The Problem
Sign language is the primary communication mode for a significant portion of the deaf and hard-of-hearing community, yet most interfaces — screens, keyboards, voice assistants — are designed exclusively for spoken or written language. Bridging that gap typically requires a human interpreter or specialised hardware.
This project explored whether a standard laptop webcam, combined with a trained classification model, could serve as a real-time sign language interpreter without additional hardware. The goal was a working proof of concept: point the camera at a hand, see the recognised gesture rendered as text.
The Approach
The pipeline has two distinct stages: hand landmark extraction and gesture classification.

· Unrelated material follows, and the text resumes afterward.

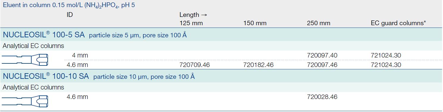 Columnas Nucleosil® SA ; 5 µm; Tamaño poro 100 Å;

Stage 1 — Landmark extraction (MediaPipe Hands) Rather than feeding raw pixels into a classifier, I used Google’s MediaPipe Hands library to extract 21 3D hand landmarks per frame. This normalises for scale, position, and skin tone — challenges that would otherwise require a much larger and more diverse training dataset. The output of this stage is a fixed-length vector of (x, y, z) coordinates, not an image.

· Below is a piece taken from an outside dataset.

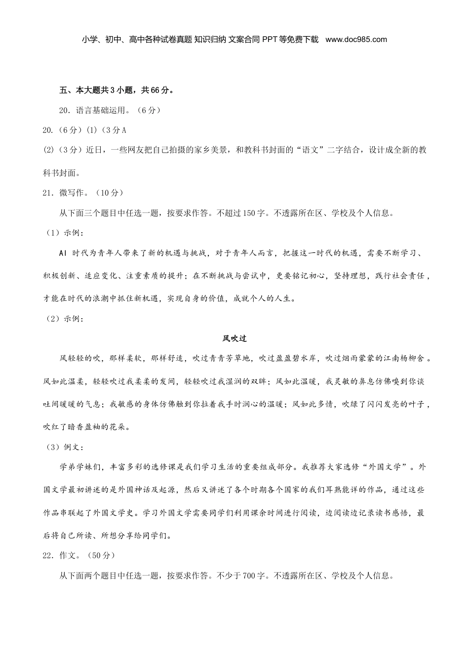 小学、初中、高中各种试卷真题知识归纳文案合同PPT等免费下载www.doc985.com2024年高考临考押题卷01(北京卷)语文·参考答案一、本大题共5小题,共18分。1.(3分)A2.(3分)C3.(3分)D4.(3分)B5.(6分)①以身为先,通过反身向诚的学习过程让“身”达到充满“乐”的状态。②“学”“乐”结合,保持“乐”的状态。不被私欲蒙蔽,不受外在环境的干扰,保持内心的宁静喜乐。③当读书带来负累或烦恼时,要及时反思学习的方向和方式,做出相应的调整。二、本大题共6小题,共28分。(一)阅读下面文言文,完成6-10题。(共18分)6.(3分)B7.(3分)C8.(3分)D9.(3分)BCE10.(6分)先举管仲、诸葛亮执法公正使人信服的事例,慨叹当今存在不公的问题,提出只有刚与公并行才能使天下人信服的观点;接着分析朝廷存在赏罚不明、执法不公的现象和弊端,指出其原因正是“执之不刚,守之不公”;最后引用《诗经》,强调只有公者能以刚服天下,劝勉君主追求真正的为君之乐。(二)根据要求,完成第11题。(共10分)11.(10分)元妃省亲贾宝玉梦游太虚幻境黛玉葬花香菱学诗抄检大观园要点一:大观园是太虚幻境在人间的投射,是贾宝玉和众女子的理想世界,但它不能独立于贾府而存在,不断被肮脏污浊的现实世界侵蚀,最终必然走向毁灭,体现了这一理想世界的虚幻性。要点二:大观园的兴衰,是贾府走向衰落的缩影,也是红颜薄命的象征,体现了小说的悲剧性。三、本大题共4小题,共20分。阅读下面这首词,完成12-14题。(共12分)12.(3分)C13.(3分)A14.(6分)答案示例1:在遣词用句上,姜夔善用含蓄之语表达丰富意蕴。如“倦网都收,归禽时度,月上汀洲冷”中“倦”“归”“冷”三个词语,含蓄写出漂泊江湖、无处容身的凄凉之感,暗示自己对清客生活的厌倦与回归自然安顿疲惫心灵的意愿。答案示例2:在意象选取上,姜夔善于选择清冷的意象,并着意使承载清冷含义的意象与感伤空寂的情绪小学、初中、高中各种试卷真题知识归纳文案合同PPT等免费下载www.doc985.com融合。如“月上汀洲冷”写月,月亮上升,岸边的沙汀和江心的小洲在烟月辉映下静静地躺着,显得格外幽冷。清月冷水,形成幽寂凄冷的氛围,融入了作者漂泊江湖、无处容身的凄凉之感。答案示例3:意境营造上,姜夔善营造清幽空灵的意境,寄托作者高洁清雅的情怀。如上阕“中流容与,画桡不点清镜”一句,画面清幽,意境空灵,和词人放浪江湖、追求自由的高雅情怀相契合,体现出一种幽远闲淡的情致。答案示例4:在表现手法上,姜夔善于从虚处作笔,不注重对事物作具体细致的刻画,而着重抒发作者对生活的主观感受。如下阕头三句写舟中友人“弹琴”,却是从想象入手,以虚写实。从湘江上响起的琴音联想到湘灵鼓瑟的古老传说,江上琴声,意境清幽哀伤。答案示例5:在思想情怀上,姜夔具有魏晋超然清雅的名士风采。如“五湖旧约,问经年底事,长负清景?”说自己原与江湖相约,可是此约长时不得实现,辜负了江湖胜景,表现了姜夔崇尚自然超然物外的思想和清雅的情趣。15.在横线处填写作品原句。(8分)15.(8分)可怜楼上月裴回湖月照我影醉不成欢惨将别别时茫茫江浸月不知东方之既白不知今夕何夕(抑)本其成败之迹而皆自于人欤四、本大题共4小题,共18分。16.(3分)D17.(3分)B18.(6分)①审美倾向:作者笔下的夹竹桃茂盛蓊郁、叶绿花嫩,一派清新而富有生机的景象,与女子柔美的特点相映衬,体现了诗性之美。②人生思考:夹竹桃是秦淮女儿的情感凝结,见证了秦淮女儿的喜悦与悲愁、真情与大爱,虽然时移世易、朝代更迭,但这种情感是不减不灭的,秦淮女儿的生命与精神是不会消失的,随着夹竹桃、秦淮河一直延续至今。19.(6分)示例:灵动优美的文字,细腻温婉的表达,无处不在的诗意,让读者沉浸在秦淮河的柔波里;跌宕起伏的结构,巧妙自然的安排,层层递进的概叹,毫无刻意雕凿摆龙门阵的有意为之之感;高瞻远瞩的立意,宽阔济世的胸襟,家国情怀追求,命运多舛的秦淮女子们在乱世中依然活得铮铮有声,用柔弱的双肩扛起了家国大任。秦淮女子令人动容,秦淮河让人仰视,《夜泊秦淮河》也让人肃然起敬。小学...

Stage 2 — Gesture classification (TensorFlow / Keras) The landmark vectors were fed into a small dense neural network: three fully connected layers with ReLU activations, dropout for regularisation, and a softmax output layer. The network was trained on a custom dataset I recorded for each gesture class.
Architecture
Webcam frame (BGR image)
│
▼
MediaPipe Hands
├── Detect hand region
└── Extract 21 landmarks → [x0,y0,z0, x1,y1,z1, ..., x20,y20,z20]
│
▼
Normalisation (relative to wrist landmark)
│
▼
Dense Neural Network (TensorFlow/Keras)
├── Dense(128, relu) + Dropout(0.2)
├── Dense(64, relu) + Dropout(0.2)
└── Dense(n_classes, softmax)
│
▼
Predicted gesture label → overlay on frame via OpenCV
The full loop ran at approximately 20 frames per second on a standard laptop — fast enough for real-time feedback.
My Contribution
- Collected and labelled the training dataset: recorded 300+ samples per gesture class using the webcam, capturing variation in hand angle and distance
- Built the MediaPipe integration and landmark normalisation pipeline
- Designed and trained the classification network; iterated on architecture and dropout values to reduce overfitting
- Built the OpenCV display loop that overlays the recognised gesture on the live camera feed
- Evaluated accuracy per class and identified which gestures were systematically confused (similar landmark patterns)
Key Outcomes
- Achieved over 90% classification accuracy on the held-out test set across the implemented gesture classes
- Real-time inference at 20 fps with no GPU required — runs on CPU on a standard laptop
- The landmark-normalisation approach made the model robust to changes in hand position and scale without requiring a large dataset
What I Learned
The landmark normalisation step was the key insight that made the project tractable. Training a CNN on raw images of hand gestures would have required thousands of examples per class and careful dataset diversity. By offloading the hard computer vision work to MediaPipe and giving the classifier a compact, normalised representation, the network could generalise well from a few hundred examples per class.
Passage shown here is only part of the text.